Frequently asked questions
What do I need before deploying to Cloud Run?
A GCP project with billing enabled, the Cloud Run and Artifact Registry APIs enabled, and the gcloud CLI authenticated. Your container must read the PORT environment variable and listen on it. Docker is only needed if you are building images locally. You can use Cloud Build to build in the cloud without installing Docker locally.
Can I deploy to Cloud Run without writing a Dockerfile?
Yes. Run gcloud run deploy my-service --source . --region=us-central1 and GCP detects your language, builds a container using Buildpacks, pushes it to Artifact Registry, and deploys it. This source-based approach supports Node.js, Python, Go, Java, Ruby, PHP, and .NET. It is faster for getting started but gives you less control over the base image and build process.
Is my Cloud Run service public by default?
No. By default Cloud Run requires authentication on every request.
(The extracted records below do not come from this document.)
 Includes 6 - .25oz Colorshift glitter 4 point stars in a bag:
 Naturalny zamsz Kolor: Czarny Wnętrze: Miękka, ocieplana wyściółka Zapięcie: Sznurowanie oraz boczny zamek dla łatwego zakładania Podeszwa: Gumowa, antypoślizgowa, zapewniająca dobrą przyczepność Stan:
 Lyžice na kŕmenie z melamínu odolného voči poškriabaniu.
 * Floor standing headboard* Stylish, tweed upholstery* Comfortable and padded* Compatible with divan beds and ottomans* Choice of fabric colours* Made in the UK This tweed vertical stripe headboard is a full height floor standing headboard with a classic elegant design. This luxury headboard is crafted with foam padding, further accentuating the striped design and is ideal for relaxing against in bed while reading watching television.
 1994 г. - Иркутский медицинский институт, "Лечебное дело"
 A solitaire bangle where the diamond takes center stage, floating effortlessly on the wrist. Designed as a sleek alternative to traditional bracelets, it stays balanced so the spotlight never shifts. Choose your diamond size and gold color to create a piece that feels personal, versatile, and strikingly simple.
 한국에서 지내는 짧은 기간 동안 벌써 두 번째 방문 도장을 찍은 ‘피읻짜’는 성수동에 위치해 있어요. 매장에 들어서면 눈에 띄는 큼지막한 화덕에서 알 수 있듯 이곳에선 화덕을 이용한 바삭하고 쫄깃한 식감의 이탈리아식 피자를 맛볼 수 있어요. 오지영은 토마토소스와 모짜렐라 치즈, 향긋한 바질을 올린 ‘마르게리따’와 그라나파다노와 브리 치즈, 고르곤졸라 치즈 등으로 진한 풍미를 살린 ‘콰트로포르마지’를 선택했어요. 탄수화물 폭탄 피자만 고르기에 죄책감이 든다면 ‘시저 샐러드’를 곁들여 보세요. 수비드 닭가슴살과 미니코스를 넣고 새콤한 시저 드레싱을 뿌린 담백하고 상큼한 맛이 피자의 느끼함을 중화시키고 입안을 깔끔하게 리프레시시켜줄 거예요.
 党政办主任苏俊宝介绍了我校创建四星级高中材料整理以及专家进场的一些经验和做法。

You must explicitly pass --allow-unauthenticated when deploying if you want the service to be reachable without a token. For internal services or APIs consumed by other GCP services, keeping authentication on and granting the Cloud Run Invoker role is the correct approach.
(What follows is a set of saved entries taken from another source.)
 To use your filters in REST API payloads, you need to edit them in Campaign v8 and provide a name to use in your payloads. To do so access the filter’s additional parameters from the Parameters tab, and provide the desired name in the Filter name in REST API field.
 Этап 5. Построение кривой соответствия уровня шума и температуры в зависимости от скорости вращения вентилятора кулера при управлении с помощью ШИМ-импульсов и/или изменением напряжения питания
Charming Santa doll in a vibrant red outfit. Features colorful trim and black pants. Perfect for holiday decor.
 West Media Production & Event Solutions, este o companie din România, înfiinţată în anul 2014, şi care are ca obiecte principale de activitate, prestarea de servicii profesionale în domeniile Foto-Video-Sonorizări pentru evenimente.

How do I update an existing Cloud Run service?
Rerun gcloud run deploy with the new image tag. Cloud Run creates a new revision, deploys it, and shifts 100% of traffic to it automatically if the deployment succeeds. The previous revision stays available for rollbacks and the service URL does not change. You can also update just the configuration (environment variables, memory, concurrency) without rebuilding the image by passing the same --image flag with the updated settings.
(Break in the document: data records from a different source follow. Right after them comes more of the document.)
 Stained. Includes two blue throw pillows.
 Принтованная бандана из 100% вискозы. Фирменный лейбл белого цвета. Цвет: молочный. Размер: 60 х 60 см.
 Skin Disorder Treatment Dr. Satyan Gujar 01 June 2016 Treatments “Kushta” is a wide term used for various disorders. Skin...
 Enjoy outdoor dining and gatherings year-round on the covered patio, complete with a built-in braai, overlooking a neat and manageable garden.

How do rollbacks work in Cloud Run?
Cloud Run keeps all previous revisions. To roll back, run: gcloud run services update-traffic my-service --region=REGION --to-revisions=REVISION_NAME=100. You can also do a partial rollback by splitting traffic (for example, 90% to the old revision and 10% to the new one while you investigate). Revisions reference specific container image digests, so the image must still exist in Artifact Registry for the rollback to work. Never delete old images until you are sure you will not need to roll back to them.
How much does Cloud Run cost for a small project?
Cloud Run has a generous free tier: 2 million requests, 360,000 GB-seconds of memory, and 180,000 vCPU-seconds per month. Most small projects stay within the free tier. Beyond that, you pay only for the CPU and memory used while a request is being processed, not for idle time. Keeping images small and startup times short reduces both cost and cold start latency.